A passed-through hash would have kept its Ruby-flavoured keys:

{
  "allowed_methods": [{ "$jsii.enum": "aws-cdk-lib.aws_s3.HttpMethods/GET" }],
  "allowed_origins": ["*"]
}

— snake_case keys the kernel has never heard of, failing somewhere deep inside Node rather than at your call site. So hash-to-struct conversion is a correctness feature wearing an ergonomics costume.

Async semantics

jsii methods can return Promise<number>. Ruby callers shouldn’t have to care, and they don’t — the runtime bridges it synchronously over the kernel’s begin/end API, with the shared callback channel doing the work in between:

sequenceDiagram
    participant R as Ruby
    participant K as Kernel (Node.js)

    R->>K: {"api": "begin", "method": "callMe"}
    K-->>R: {"promiseid": "jsii::promise::1"}
    R->>K: {"api": "callbacks"}
    K-->>R: callback: invoke override_me(10) on your object
    Note over R: Ruby override runs here —<br/>override_me(n) returns n * 2
    R->>K: {"api": "complete", "result": 20}
    Note over K: callMe() sums overrideMe(10) = 20,<br/>dontOverrideMe() = 8, overrideMeToo() = 0<br/>= 28
    R->>K: {"api": "end", "promiseid": "jsii::promise::1"}
    K-->>R: {"result": 28}

begin starts the promise, the runtime services callbacks while it’s pending — that’s the window where your Ruby overrides of async methods execute — and end collects the settled value.
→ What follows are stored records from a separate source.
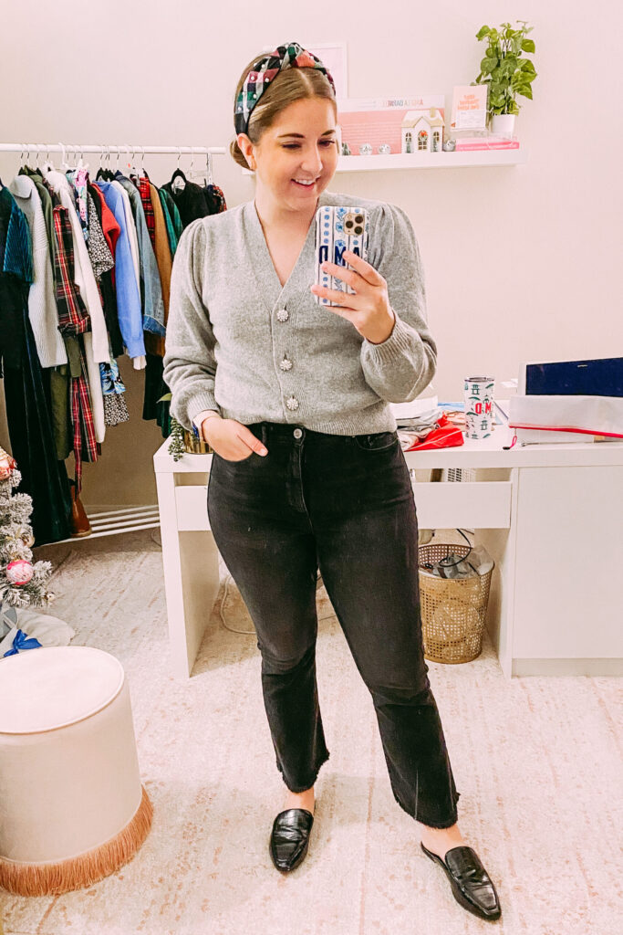 Another simple everyday look that is elevated to be holly and jolly with a simple accessory! Also don’t be afraid to mix patterns this season, especially plaid and cheetah! They go hand in hand!
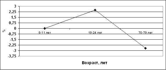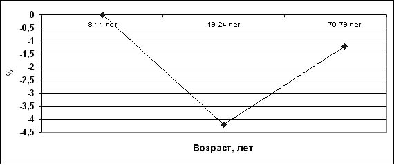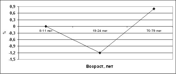 В группе испытуемых 19 - 24 лет в состоянии изотонического напряжения он был значительно ниже, чем в группе испытуемых 8 - 11 лет. Это объясняется, по-видимому, тем, что к этому возрасту у человека в норме обычно заканчивается формирование основных взаимно подвижных масс тела. Такое положение приводит все его биозвенья в более устойчивое равновесие относительно опоры, что снижает нагрузку на антигравитационную мускулатуру. В проведенных опытах было обнаружено также, что у пожилых людей в таких же условиях тонус исследуемых мышц значительно повышается, что свидетельствует о перенапряжении мышц голени, компенсирующих у этих лиц нарушения равновесия, вызванное, по-видимому, различными возрастными отклонениями в состоянии здоровья, приводящими к нарушению осанки (Рис. 1, А). В состоянии изометрического напряжения тонус исследуемых мышц выше всего в группе испытуемых 19 - 24 года, ниже всего у испытуемых 70 - 79 лет. Это свидетельствует о функциональных возможностях и двигательных ресурсах каждой возрастной группы испытуемых и о их возможностях по управлению равновесием своего тела в пространстве (Рис. 1, В). Аналогичные данные подтверждаются также результатами измерения тонуса исследуемых мышц в состоянии их максимального расслабления (Рис. 1, С).
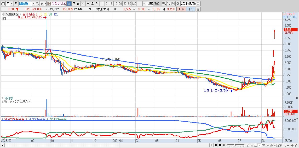 - 우정바이오 (3,585원 ▲ 29.89% , 시총: 533억, 거래량: 2,621,247, 거래대금:91억)
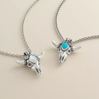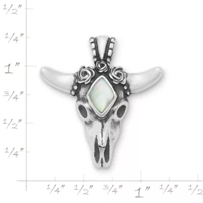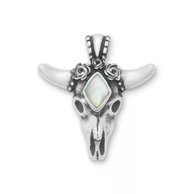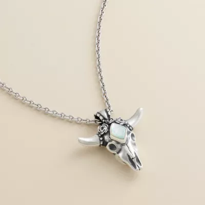A reimagining of the Desert Rose Charm, this sterling silver pendant exudes both strength and beauty. Inspired by America’s Southwest, the buff top gemstne adds a dash of elegance while the sun-bleached skull and rose in full bloom symbolize the balance of masculine and feminine.
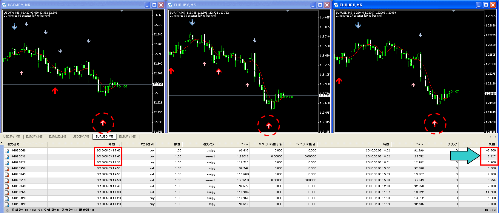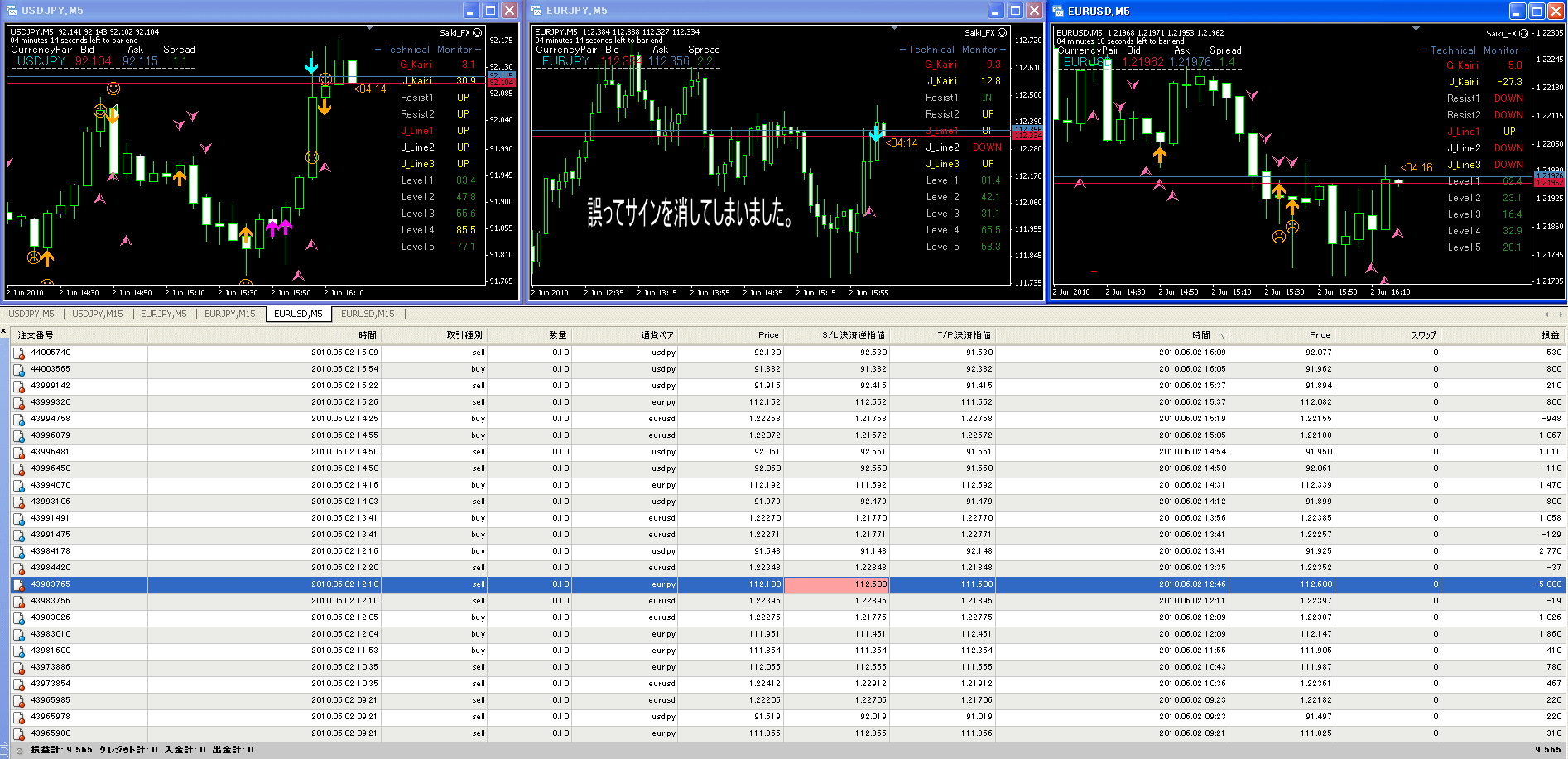 5分足ベースですので、チョコチョコサインが出ますが、
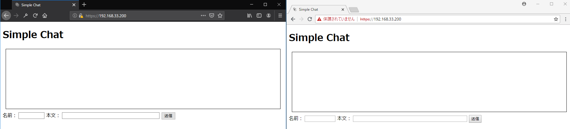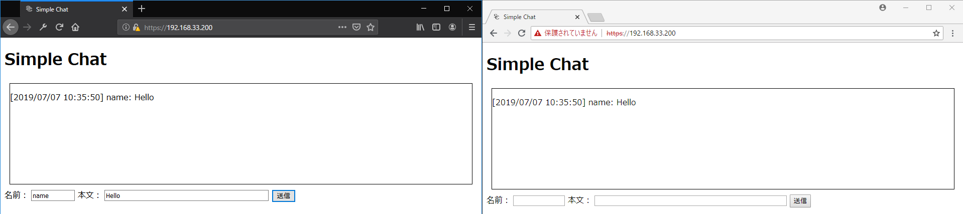 2つのブラウザでhttps://192.168.33.200にアクセスするとチャット画面が表示される。(192.168.33.200はロードバランサーのIPアドレス)
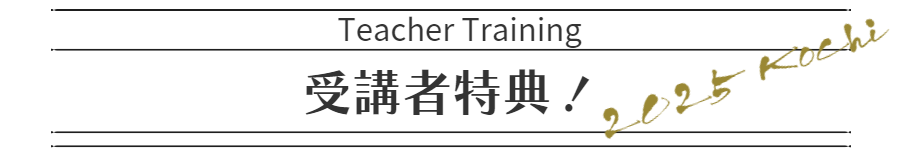 | 参加条件 | ・ヨガ経験6ケ月以上(トレーニング開始までにご経験を積んで頂ければ大丈夫です。)ご不明な点はご相談下さい。 ・参加申込み締切日:2025年3月30日(日)まで ※上記条件についてはお気軽にご相談ください。 |
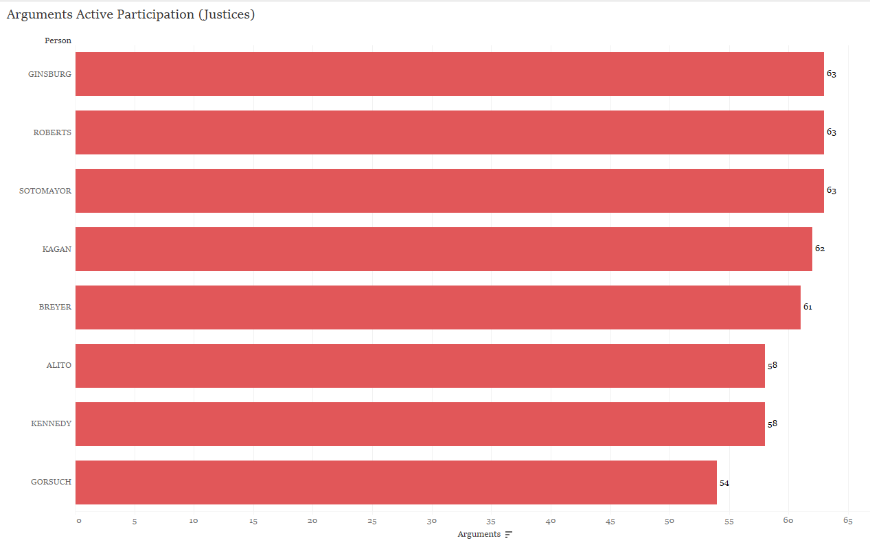 Unlike particular attorneys, Supreme Court justices are engaged in each oral argument over the course of the term. Even the reticent Justice Thomas is often caught perusing briefs while on the bench. Still not all justices are equally engaged and their type of engagement varies as well.
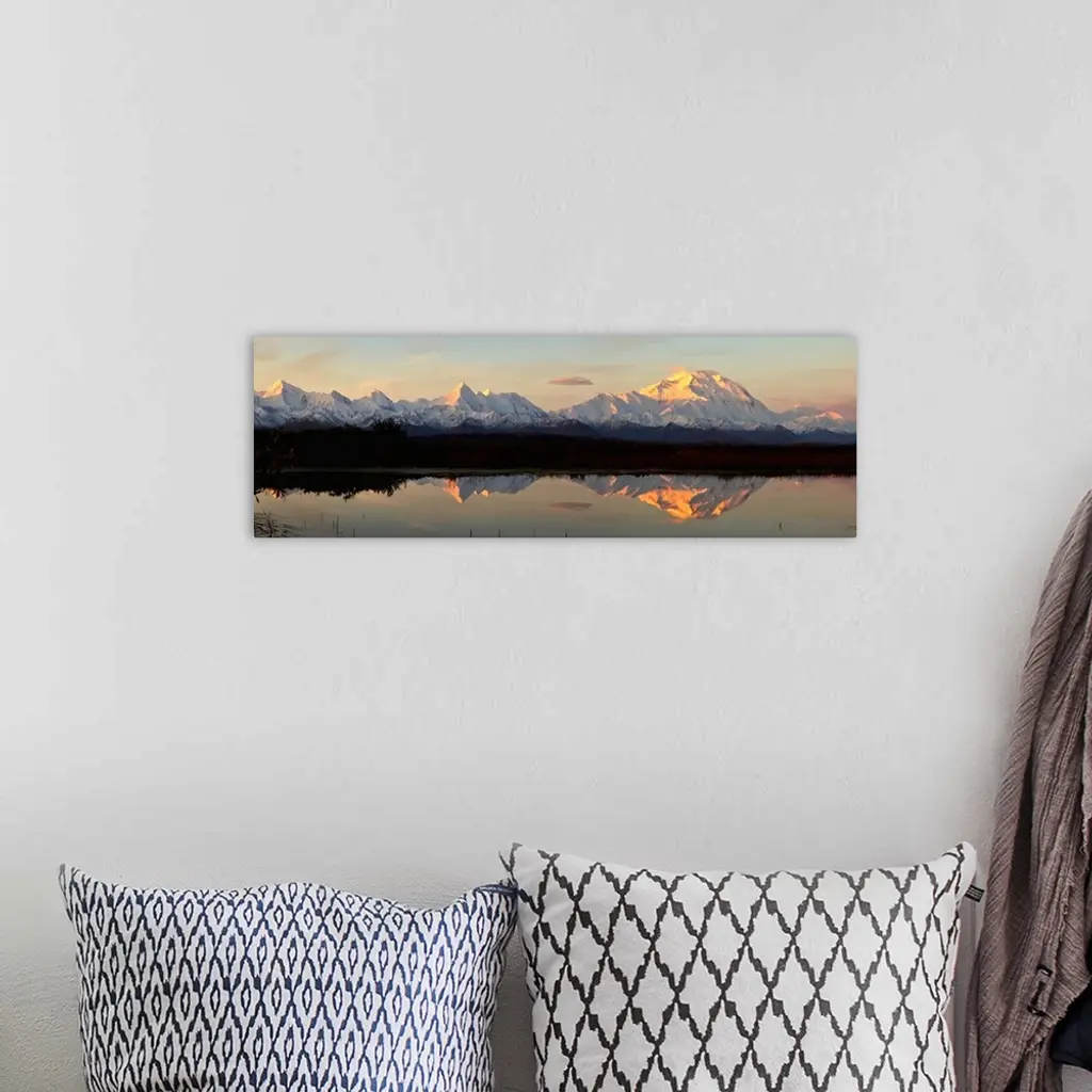Alpenglow On Mt. Mckinley, Also Known As Denali, Reflected In Tundra Pond At Sunrise, Fall, Denali National Park, Interior Alaska.
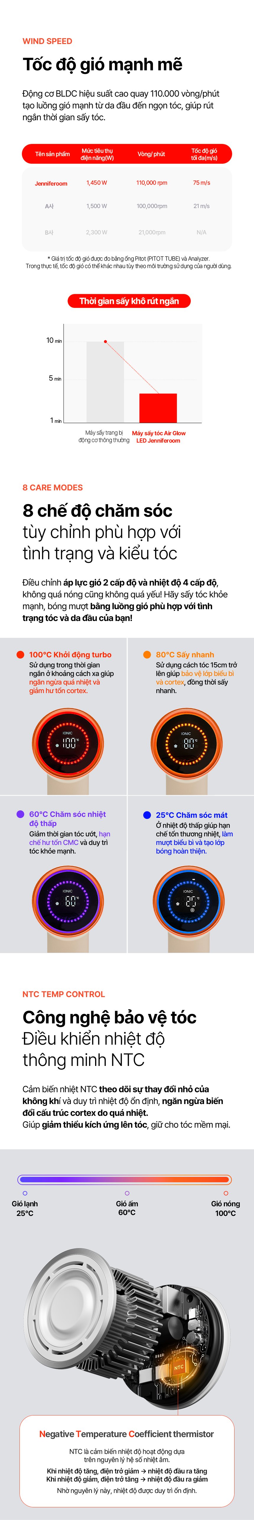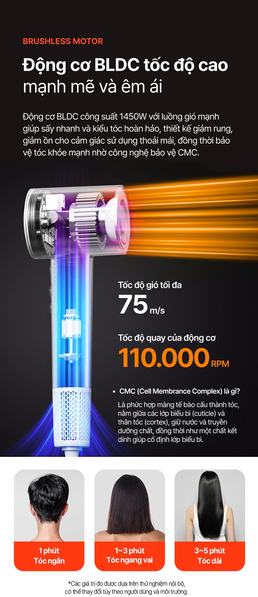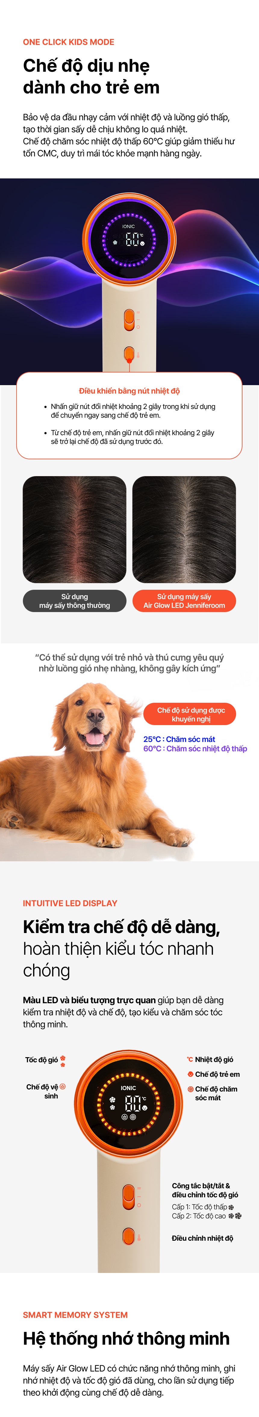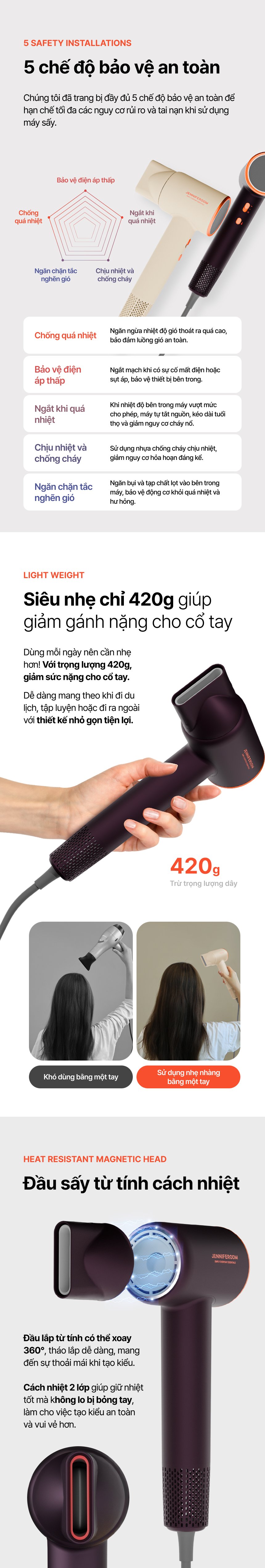 Máy sấy tóc Jenniferoom công suất 1450W, động cơ BLDC, công nghệ ion âm - 2 Màu - JRG-HD1502
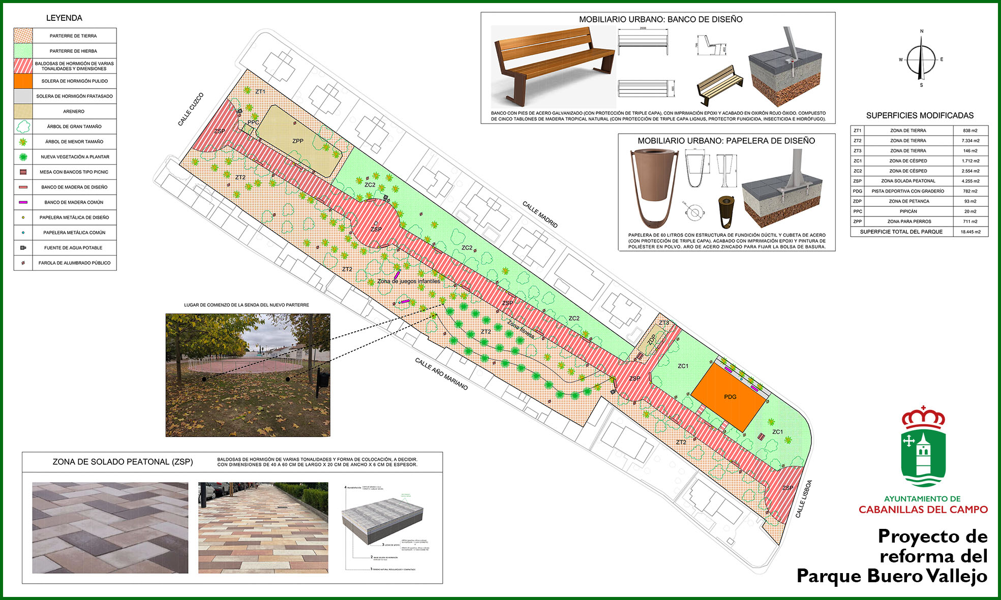 Con esta obra se pretende renovar todo el pavimento solado de las zonas peatonales, así como el mobiliario urbano que se encuentran en ellas. También se van a incrementar las zonas ajardinadas, y se va a dotar al parque de más praderas de césped de las que ahora mismo tiene. Asimismo, desaparecerá la vieja pista de patinaje, en desuso, para convertir esa zona en un recinto ajardinado. La actuación se complementa con introducción de nuevas especies de árboles y plantas, mejora del sistema de riego por goteo y otra serie de cuestiones técnicas.
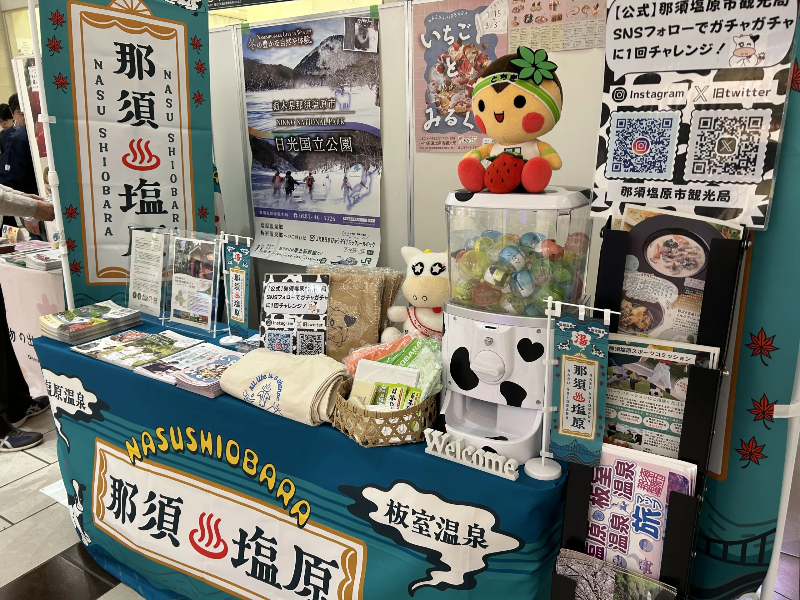 栃木県アンテナショップ「とちまるショップ」に続いて、埼玉県越谷市の大型商業施設イオンレイクタウンにおいて観光キャラバンに参加しました。本キャラバンは、首都圏有数の集客拠点において那須塩原市の観光資源を直接発信し、来訪意欲の喚起および認知拡大を図ることを目的に開催したものです。
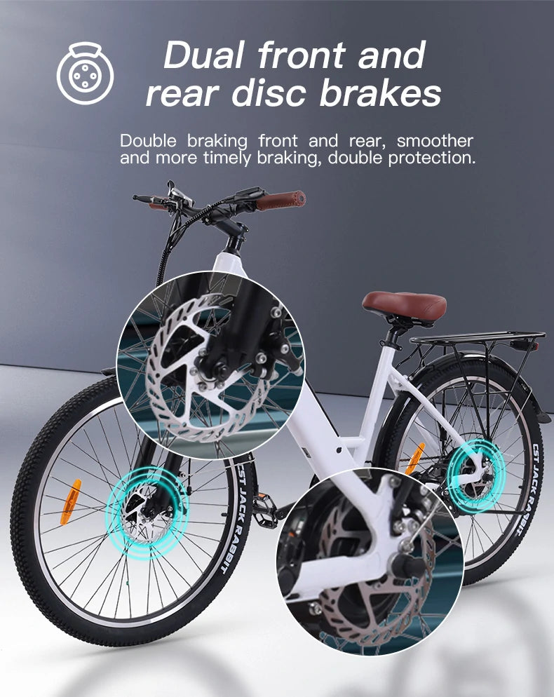 - Mekaniska skivbromsar fram & bak: jämn och pålitlig bromsverkan i alla väder.
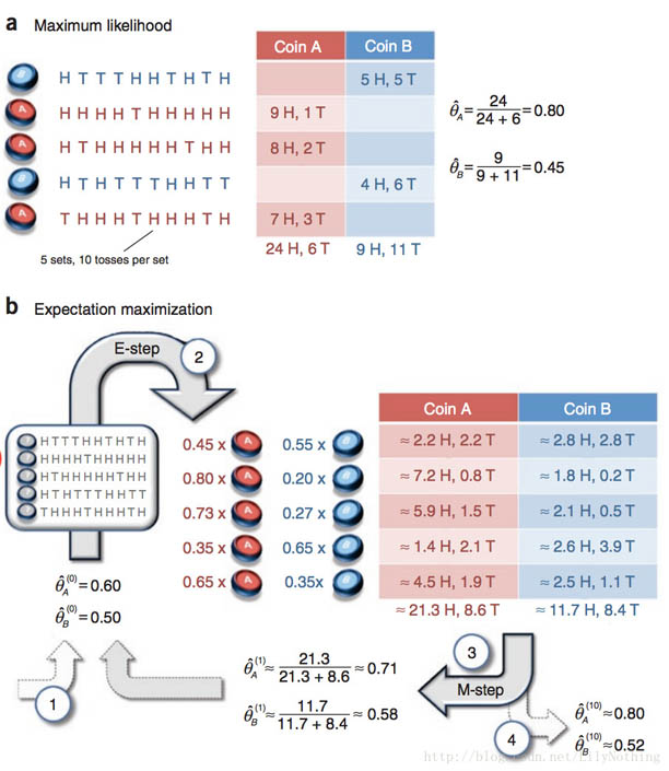 假设有两枚硬币A、B,以相同的概率随机选择一个硬币,进行如下的抛硬币实验:共做5次实验,每次实验独立的抛十次,结果如图中a所示,例如某次实验产生了H、T、T、T、H、H、T、H、T、H,H代表正面朝上。
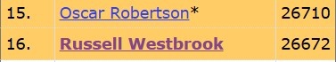 目前,国王球星威少生涯总得分为26672分,距离前一位的奥斯卡·罗伯特森仅差38分,后者也是NBA历史控卫得分王。
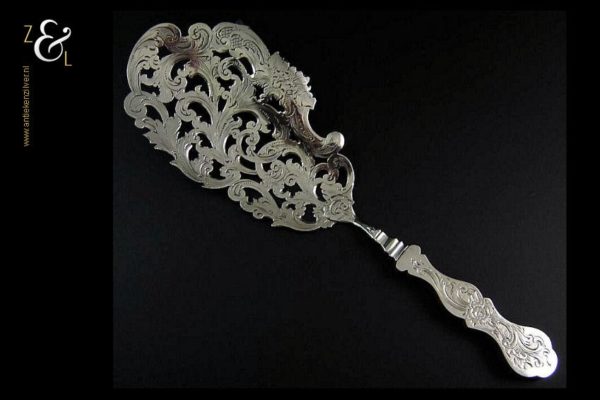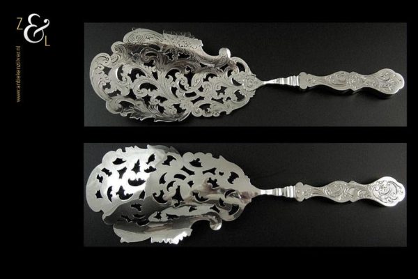De zilversmeden uit de Biedermeier tijd konden al hun vakmanschap zoals, drijven, zagen, graveren, gieten, solderen etc. kwijt bij het maken van het schepwerk, deze visdienschep is daar een goed voorbeeld van.

Exceptions thrown in your override reject the host-side promise and come back as Jsii::RuntimeError, message intact.

The deadlock case is handled too: if a synchronous callback tries to invoke an async method, the kernel refuses rather than wedging the single request pipe — and the compliance suite has three tests asserting precisely that refusal.

Packaging with Rubygems

Each assembly generates a complete gem: code, YARD documentation (typed @param/@return tags sourced from the assembly docs — your editor’s hover-docs work), and a gemspec built from the assembly’s own metadata:

# (trimmed)
Gem::Specification.new do |s|
  s.name        = 'aws-cdk-lib'
  s.summary     = 'Ruby bindings for aws-cdk-lib'
  s.authors     = ['Amazon Web Services']
  s.license     = 'Apache-2.0'
  s.required_ruby_version = '>= 3.3.0'
  s.add_dependency 'jsii-ruby-runtime', '~> 1.0'
end

npm version semantics translate to gem constraints (^1.2.3~>-style ranges, prerelease tags → .dev./.alpha. suffixes), and the gems version in lockstep with their npm counterparts.

This blog is the integration test: every deploy builds the stack — S3, CloudFront, ACM, Route53, Cognito, DynamoDB — through the generated aws-cdk-lib gem, on Ruby 4.0.

Where this is going

The implementation is up as an RFC tracking issue on aws/jsii, with a cdk-rfcs proposal and PRs across the toolchain (compiler schema, monorepo, rosetta, docgen). The compliance matrix now has a Ruby column, and it is fully compliant.

Next time: inheritance — including what multiple inheritance even means when your objects live in another process — and the garbage collection story. After that, rosetta’s Ruby translator, and the journey of getting a language target upstreamed, which is a different story from getting one working.